*Supplied data*
:::
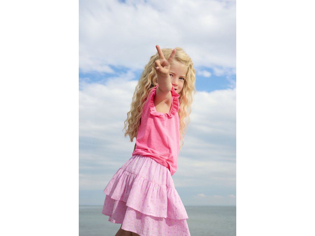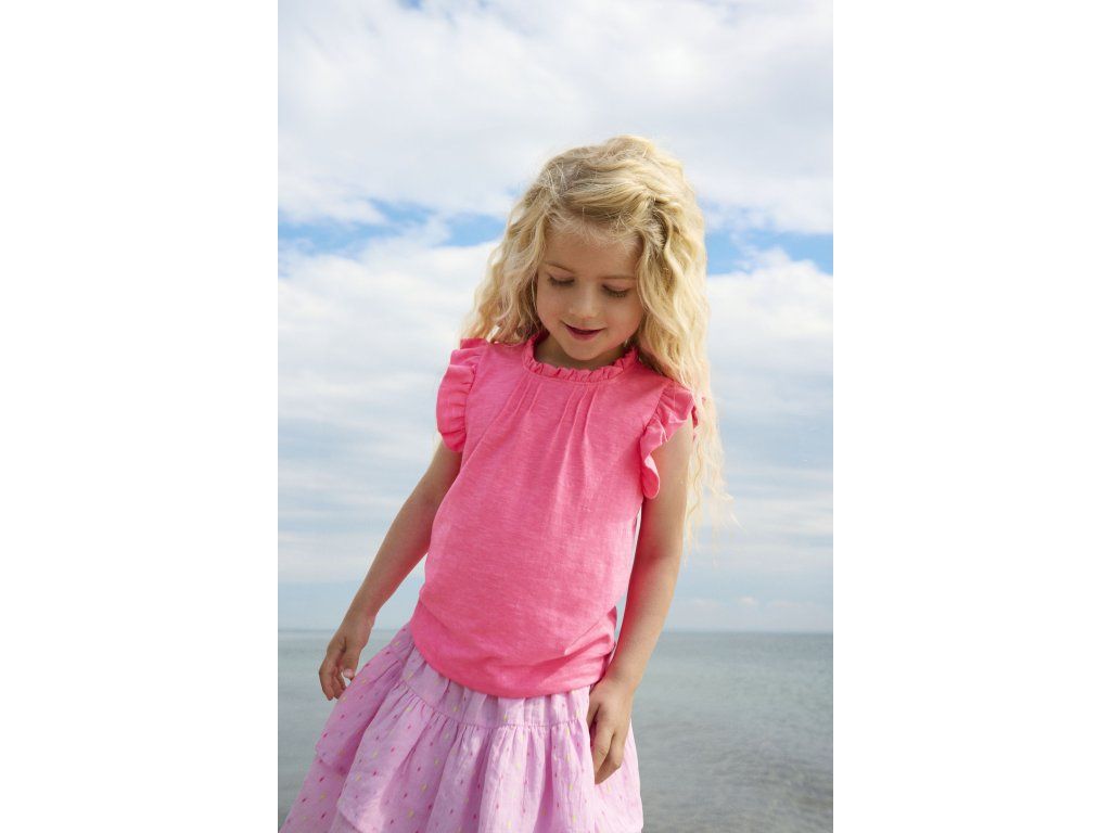 Tričko je vyrobené z príjemnej polyesterovej zmesi a má výrazne volániky na ramenách. Voľný a pohodlný strih umožňuje úplnú slobodu pohybu.
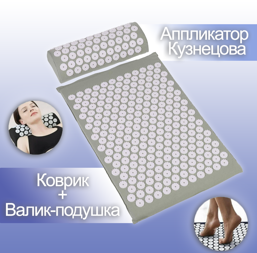 10 цен на Аппликатор Кузнецова / Массажный коврик с валиком, набор 2 предмета / Игольчатый акупунктурный коврик
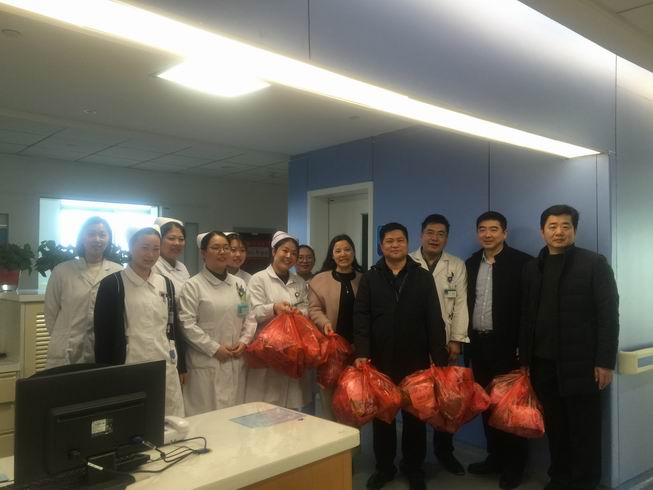 “新年本是一家团聚的日子,今天你们不能回家过年,是一种遗憾,希望有我们的陪伴,有医生护士的守护,能让大家感到放心、平安。”院长的嘘寒问暖让一线医护人员和住院患者倍感温暖。大家纷纷表示,在医院也感受到了家的温暖和年的味道。
:::
*What the exercise asks*
Before you return the listing exactly, strip out its pictures.

*Task response*
 Tričko je vyrobené z príjemnej polyesterovej zmesi a má výrazne volániky na ramenách. Voľný a pohodlný strih umožňuje úplnú slobodu pohybu.
 10 цен на Аппликатор Кузнецова / Массажный коврик с валиком, набор 2 предмета / Игольчатый акупунктурный коврик
 “新年本是一家团聚的日子,今天你们不能回家过年,是一种遗憾,希望有我们的陪伴,有医生护士的守护,能让大家感到放心、平安。”院长的嘘寒问暖让一线医护人员和住院患者倍感温暖。大家纷纷表示,在医院也感受到了家的温暖和年的味道。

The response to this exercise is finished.